Technical Level Map and Pivot Analysis

Price action has centered around the 114.79 pivot level, which serves as the immediate regime filter for the next several sessions. The pair established a daily range between 114.25 and 115.28, with the "big figure" at 114.00 remaining a critical psychological floor.

Key Support and Resistance Levels:

  • Resistance: 115.28 / 116.50 / 119.50
  • Pivot: 114.79
  • Support: 114.25 / 113.50 / 110.50

Strategic Watchlist Ideas

The tactical bias remains contingent on how spot price interacts with the range extremes. A confirmed breakout above 115.28 could open the path toward 116.50, provided the level holds on a retest. Conversely, a failure to clear 115.28 followed by a loss of the 114.79 pivot would signal a rotation back toward initial support at 114.25.

Execution Discipline and Risk Management

Traders should be wary of false breaks around round numbers and recent highs. The "positioning lens" indicates that as price spends time near the figure, it reflects a balance between real-money rebalancing and short-term momentum interest. Confirmation is essential in this environment; the first touch of a level is often the lowest-quality entry point. Waiting for a successful retest of the breakout zone significantly improves the probability of a sustained trend.

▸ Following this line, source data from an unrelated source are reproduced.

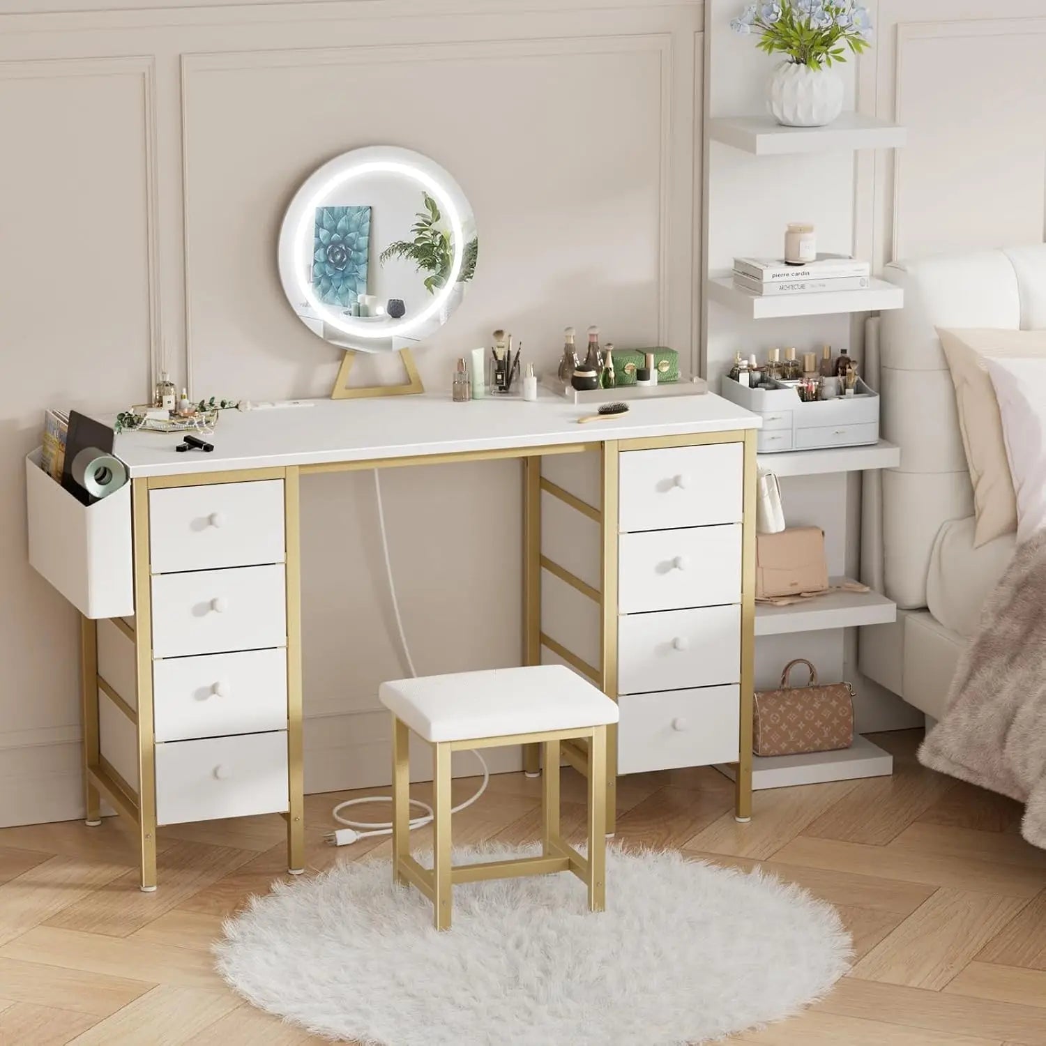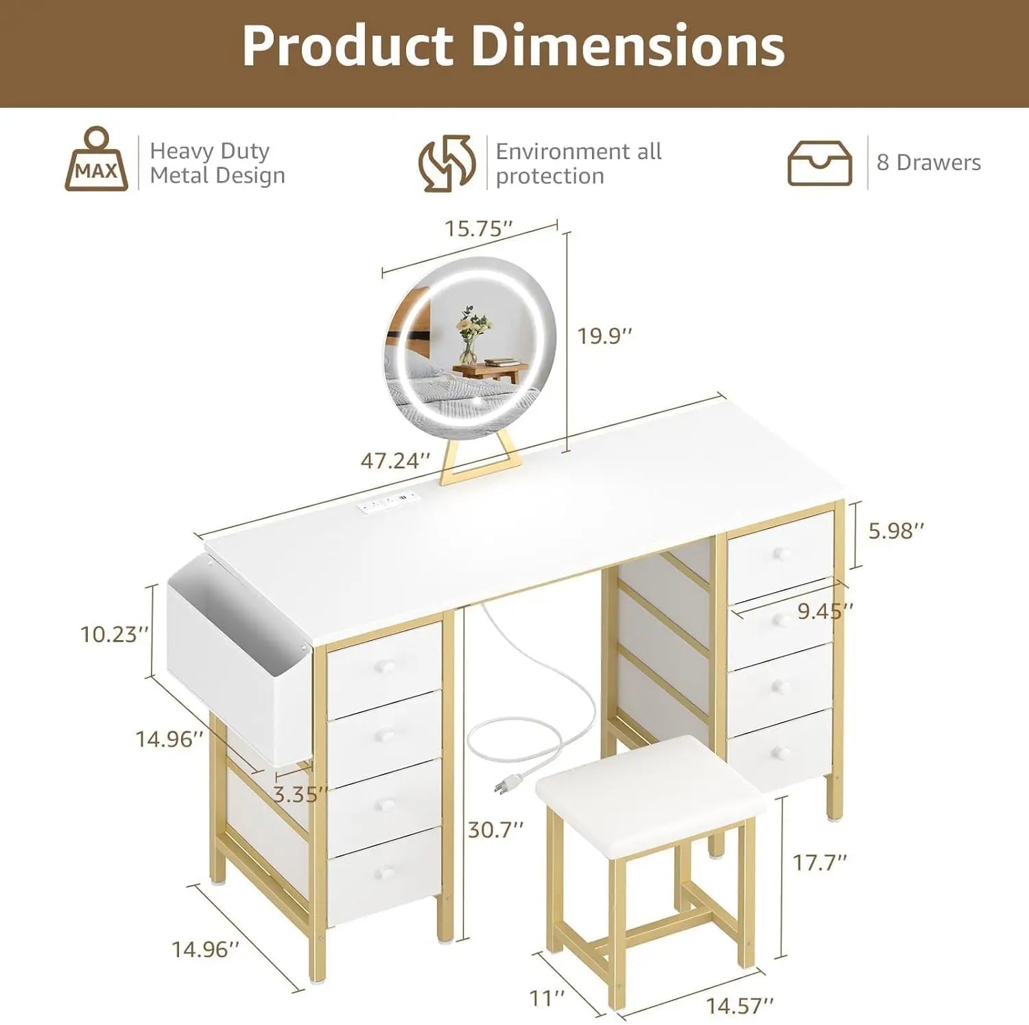 Ljustra Vanity Desk with Lighted Mirror and Chair 8 Drawers Power Outlet
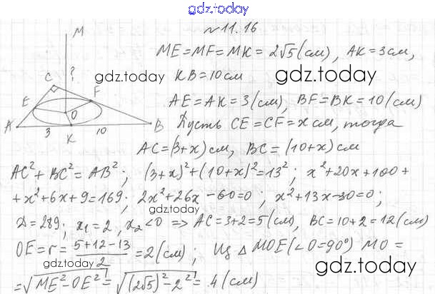 Ответы к Решение к §11 11.16 Учебнику по Геометрии для 10 класса Мерзляк, Номировский Базовый уровень Вентана-граф Алгоритм успеха 2017
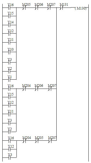 当轿厢在一楼位置,M204通电,M205、M206和M207断电,此时轿厢外呼梯信号X16、X15、X14、X12、X11、X10以及轿厢内呼梯信号X3、X2、X1都有可能产生上升运行状态;相似地,当轿厢在二楼位置,M205通电,M204、M206和M207断电,此时轿厢外呼梯信号X16、X15、X12、X11以及轿厢内呼梯信号X3、X2都有可能产生上升运行状态;当轿厢在三楼位置,M206通电,M204、M205和M207断电,此时轿厢外呼梯信号X16、X12以及轿厢内呼梯信号X3都有可能产生上升运行状态。如图5所示,输出点Y均被自锁,所以一旦产生上升运行状态(M130通电),那么只有当所有上楼呼梯信号被响应后,才能解除上升运行状态(M130断电)。

For more insights on yen-sensitive pairs, traders may find the AUD/JPY BoJ-Sensitivity Analysis relevant as it highlights broader Japanese Yen volatility trends.

Regime Shift Indicators

The transition between "buy the dip" and "sell the rally" regimes currently sits at 114.79. If spot holds above this level with shallow pullbacks, it indicates that the market is still willing to pay for the move. A persistent shift in equity volatility or a more aggressive rates impulse through the New York session would be required to alter this constructive outlook.